*Data for review*
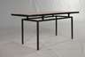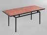 deutsch, 1960er Jahre, rechteckige Platte mit Glasmosaik in Rottönen, vereinzelt durchsetzt von goldenen Mosaiksteinen, Gestell aus schwarz lackiertem Eisen, Maße 51 x 118 x 47 cm.
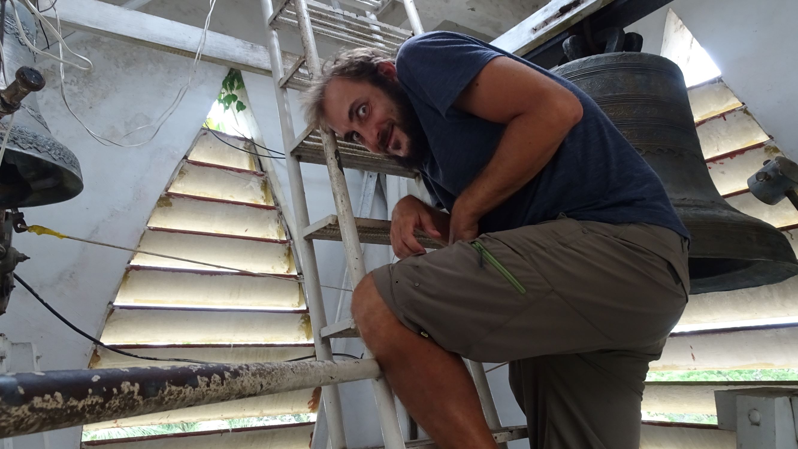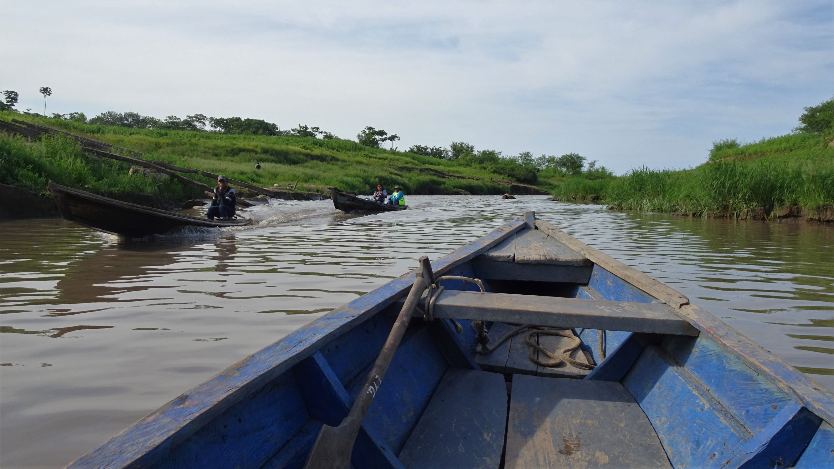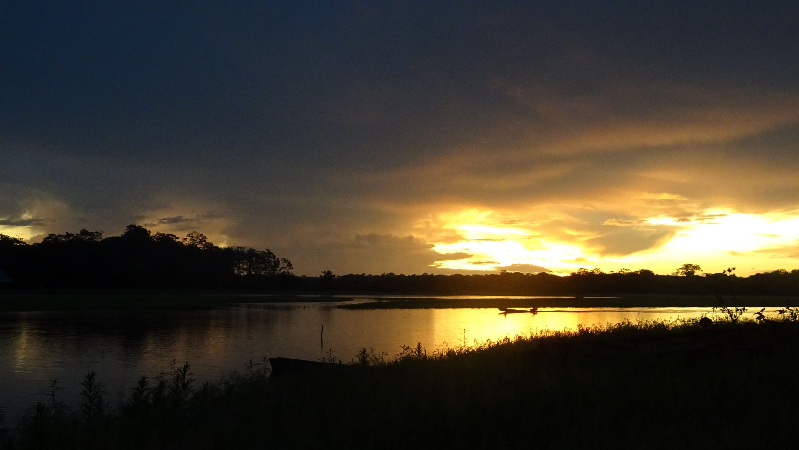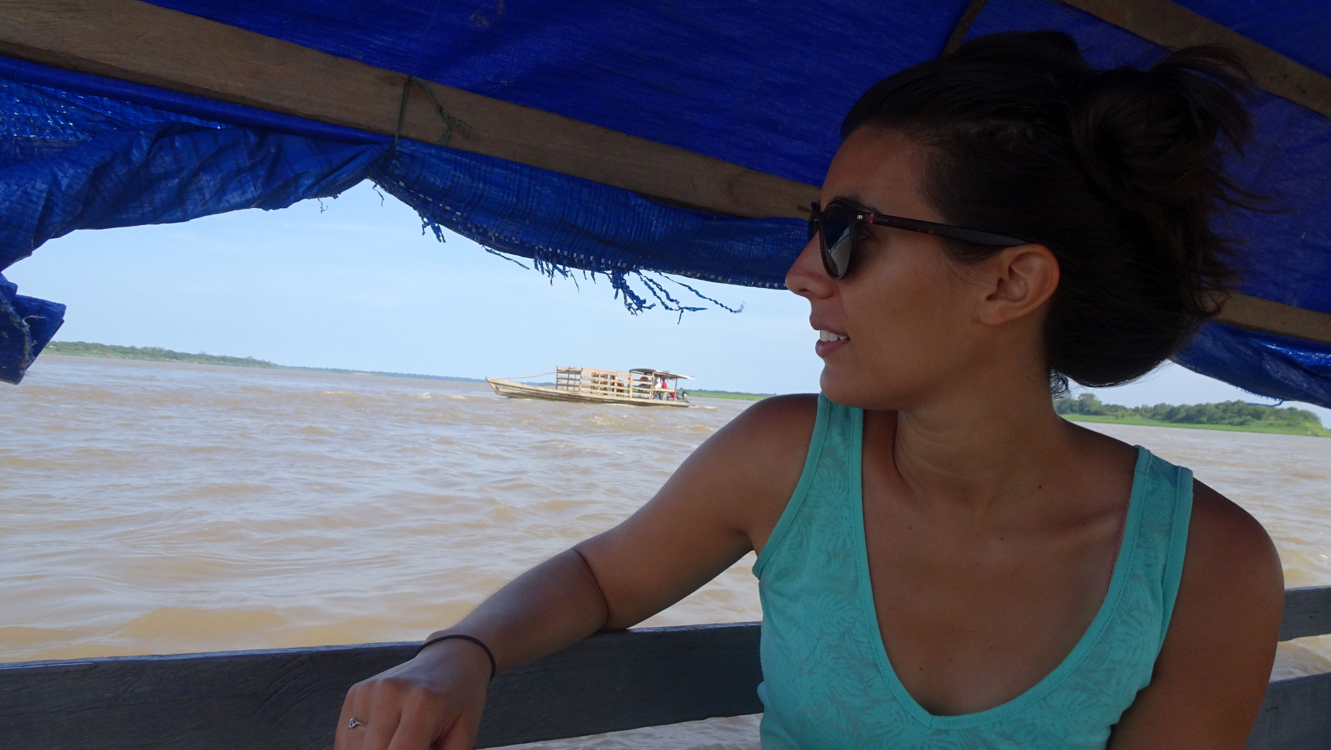 Je profite de ces 4 heures de paisible navigation sans roulis ni tape-cul pour piquer un somme sur l’étroite banquette molletonnée. Au réveil, une grosse averse nous confine sous la bâche en plastique bleu, à regarder les impacts de pluie sur les eaux boueuses, qui prennent une belle teinte lumineuse au retour du soleil.
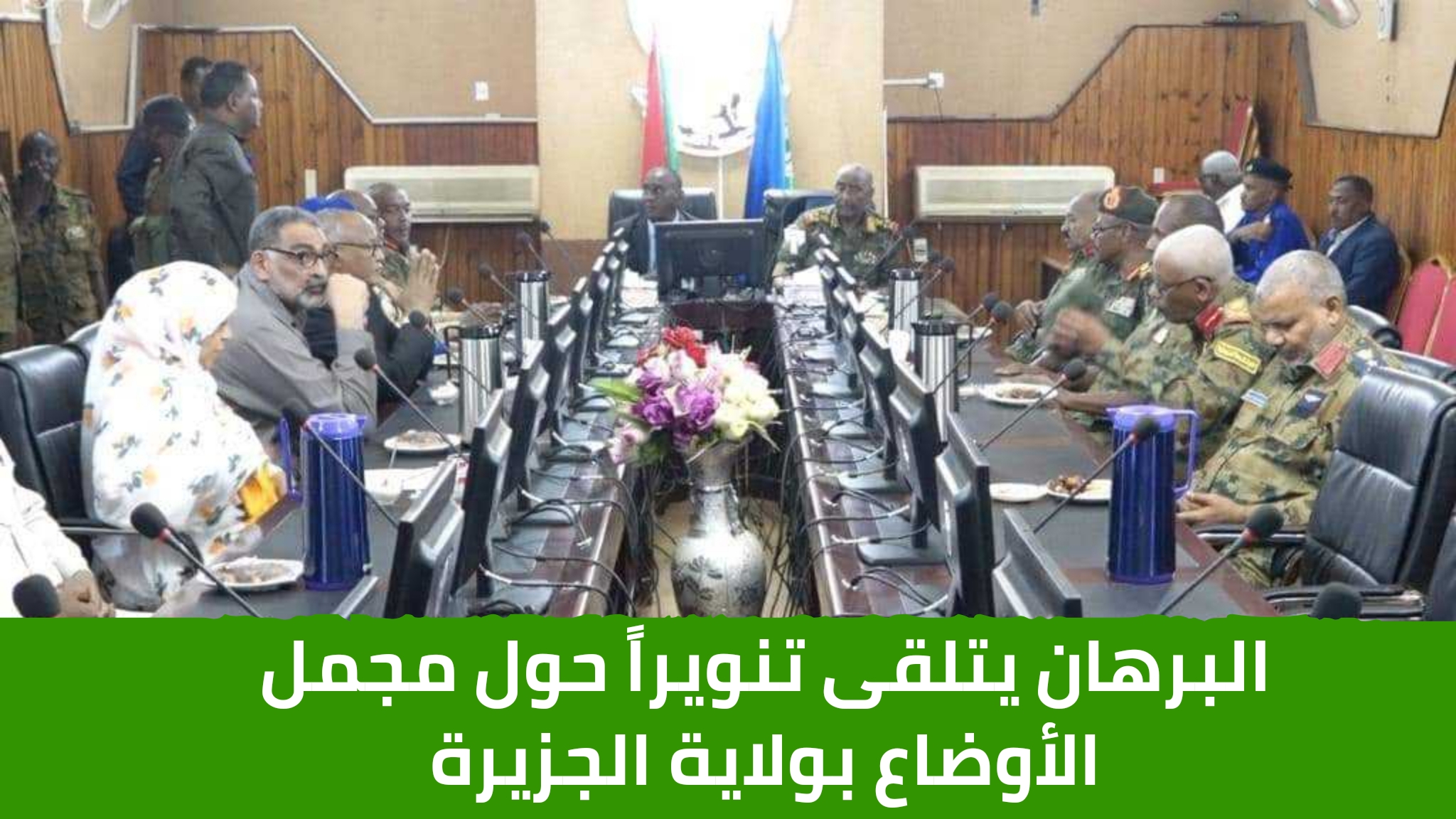 تلقى رئيس مجلس السيادة القائد العام للقوات المسلحة الفريق أول ركن عبدالفتاح البرهان اليوم بمدينة مدني ، تنويراً من والي ولاية الجزيرة الطاهر ابراهيم الخير حول مجمل الأوضاع بولاية الجزيرة لاسيما الأوضاع الأمنية .
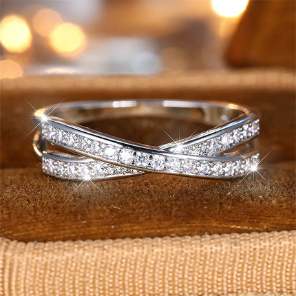 Minimalist Stacking Crossed Wedding Bands Black Gold Silver Color Blue Red Green Stone White Zircon Thin Rings For Women Jewelry
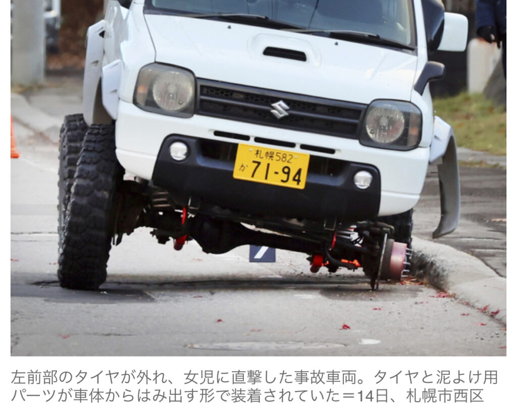 1: ばーど ★ 2023/11/25(土) 19:20:11.74 ID:Wi+xAE4G9 札幌市西区の市道で軽RVのタイヤが脱落し、直撃を受けた女児が意識不明の重体になった事故で、事故車両が8月の車検合格後に不正に改造され、法令上は公道走行が認められない状態だった疑いがあること... -
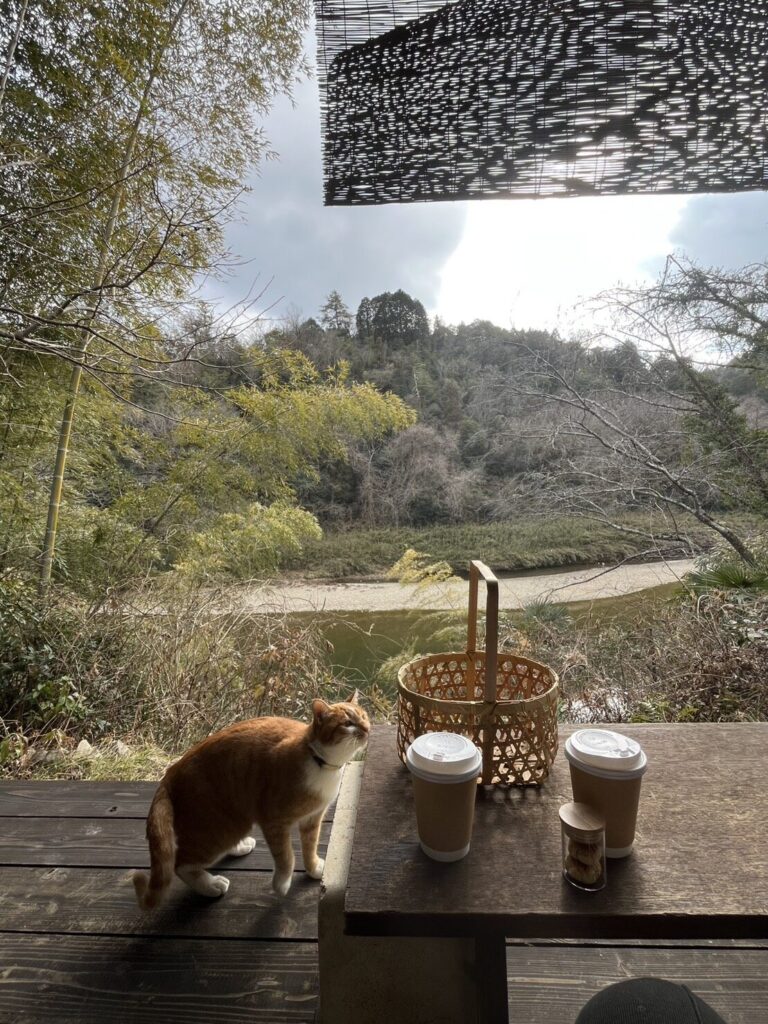目の前の川と山を眺めながらゆったりしていると、足元に気配を感じ、見下ろすとお客さんに慣れた懐っこいネコが見上げていてとても癒されました。
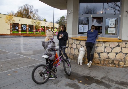 Cilvēki pie kafejnīcas Ogrē Covid-19 pandēmijas laikā, kad valstī ...

*Exercise aim*
Pictures are not part of the answer, which must be the exact lines from the one holding "Je profite de" through the end of the material, both ends included.

*Response area*
 Je profite de ces 4 heures de paisible navigation sans roulis ni tape-cul pour piquer un somme sur l’étroite banquette molletonnée. Au réveil, une grosse averse nous confine sous la bâche en plastique bleu, à regarder les impacts de pluie sur les eaux boueuses, qui prennent une belle teinte lumineuse au retour du soleil.
 تلقى رئيس مجلس السيادة القائد العام للقوات المسلحة الفريق أول ركن عبدالفتاح البرهان اليوم بمدينة مدني ، تنويراً من والي ولاية الجزيرة الطاهر ابراهيم الخير حول مجمل الأوضاع بولاية الجزيرة لاسيما الأوضاع الأمنية .
 Minimalist Stacking Crossed Wedding Bands Black Gold Silver Color Blue Red Green Stone White Zircon Thin Rings For Women Jewelry
 1: ばーど ★ 2023/11/25(土) 19:20:11.74 ID:Wi+xAE4G9 札幌市西区の市道で軽RVのタイヤが脱落し、直撃を受けた女児が意識不明の重体になった事故で、事故車両が8月の車検合格後に不正に改造され、法令上は公道走行が認められない状態だった疑いがあること... -
目の前の川と山を眺めながらゆったりしていると、足元に気配を感じ、見下ろすとお客さんに慣れた懐っこいネコが見上げていてとても癒されました。
 Cilvēki pie kafejnīcas Ogrē Covid-19 pandēmijas laikā, kad valstī ...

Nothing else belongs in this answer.